From the first line to the last, copy the material exactly and leave the pictures out.

=== RECORDED INFORMATION ===

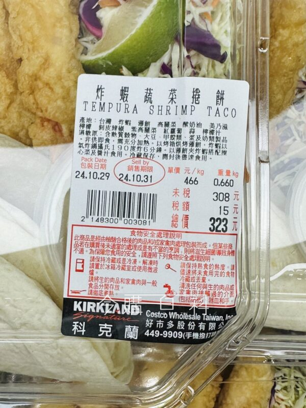 獨特去尾天婦羅炸蝦,佐特調剝皮辣椒酸奶油醬,烘烤或氣炸加熱即可上桌,原味薄餅搭配捲心菜絲,口味濃郁不膩口。
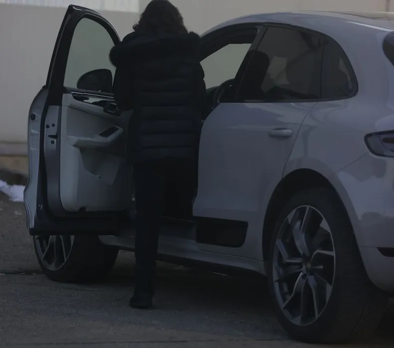 Geanina intră în noua mașină (SURSA FOTO: CANCAN.RO)
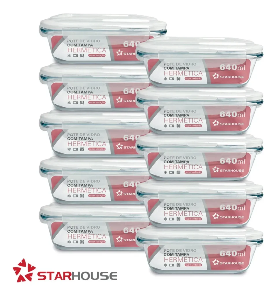 Kit 10 Potes Herméticos Vidro 640ml Starhouse Marmita Forno Micro-ondas
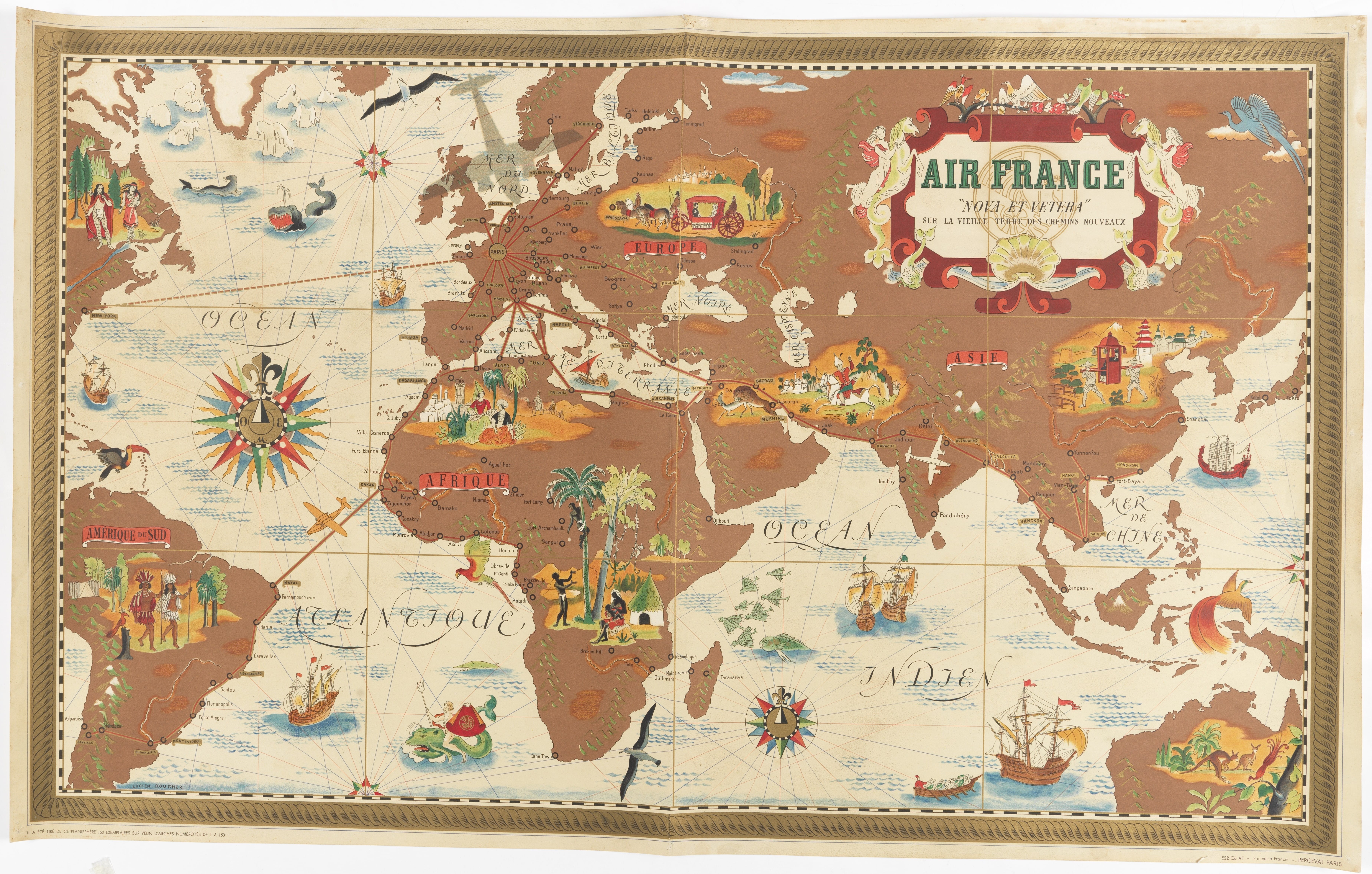 BOUCHER, L. Air France - Nova et Vetera Sur la vieille terre des chemins nouveaux. Imprimerie Perceval, Paris, 1938. Color lithograph. Marked median fold. A good copy. 620 x 1000 mm

===

## RESULT OF THIS TASK
 獨特去尾天婦羅炸蝦,佐特調剝皮辣椒酸奶油醬,烘烤或氣炸加熱即可上桌,原味薄餅搭配捲心菜絲,口味濃郁不膩口。
 Geanina intră în noua mașină (SURSA FOTO: CANCAN.RO)
 Kit 10 Potes Herméticos Vidro 640ml Starhouse Marmita Forno Micro-ondas
 BOUCHER, L. Air France - Nova et Vetera Sur la vieille terre des chemins nouveaux. Imprimerie Perceval, Paris, 1938. Color lithograph. Marked median fold. A good copy. 620 x 1000 mm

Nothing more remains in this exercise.